(Recorded data)
+---+
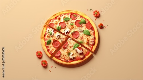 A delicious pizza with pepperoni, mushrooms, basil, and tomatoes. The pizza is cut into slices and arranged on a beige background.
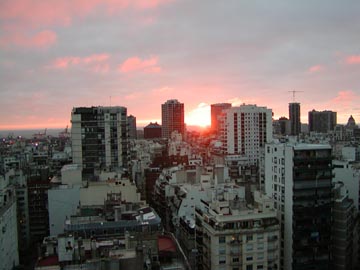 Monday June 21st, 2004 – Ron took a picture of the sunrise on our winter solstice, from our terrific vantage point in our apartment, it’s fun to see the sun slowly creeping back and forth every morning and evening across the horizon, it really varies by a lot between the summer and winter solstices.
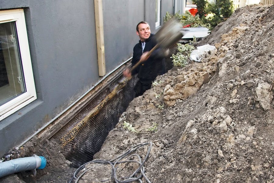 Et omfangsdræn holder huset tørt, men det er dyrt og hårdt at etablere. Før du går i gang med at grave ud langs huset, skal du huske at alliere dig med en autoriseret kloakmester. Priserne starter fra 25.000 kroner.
+---+
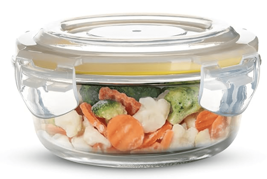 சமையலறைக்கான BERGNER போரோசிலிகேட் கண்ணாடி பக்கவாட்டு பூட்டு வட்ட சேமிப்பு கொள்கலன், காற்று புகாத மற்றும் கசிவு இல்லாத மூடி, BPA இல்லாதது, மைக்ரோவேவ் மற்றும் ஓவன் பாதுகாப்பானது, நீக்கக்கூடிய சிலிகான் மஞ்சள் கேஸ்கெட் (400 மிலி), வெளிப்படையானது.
+---+
(Task instructions) Only the lines starting at the one that includes "Monday June 21st, 2004" and ending at the one that includes "Et omfangsdræn holder" should be retyped, exactly, from the records above; no pictures.

(Result of this task)
 Monday June 21st, 2004 – Ron took a picture of the sunrise on our winter solstice, from our terrific vantage point in our apartment, it’s fun to see the sun slowly creeping back and forth every morning and evening across the horizon, it really varies by a lot between the summer and winter solstices.
 Et omfangsdræn holder huset tørt, men det er dyrt og hårdt at etablere. Før du går i gang med at grave ud langs huset, skal du huske at alliere dig med en autoriseret kloakmester. Priserne starter fra 25.000 kroner.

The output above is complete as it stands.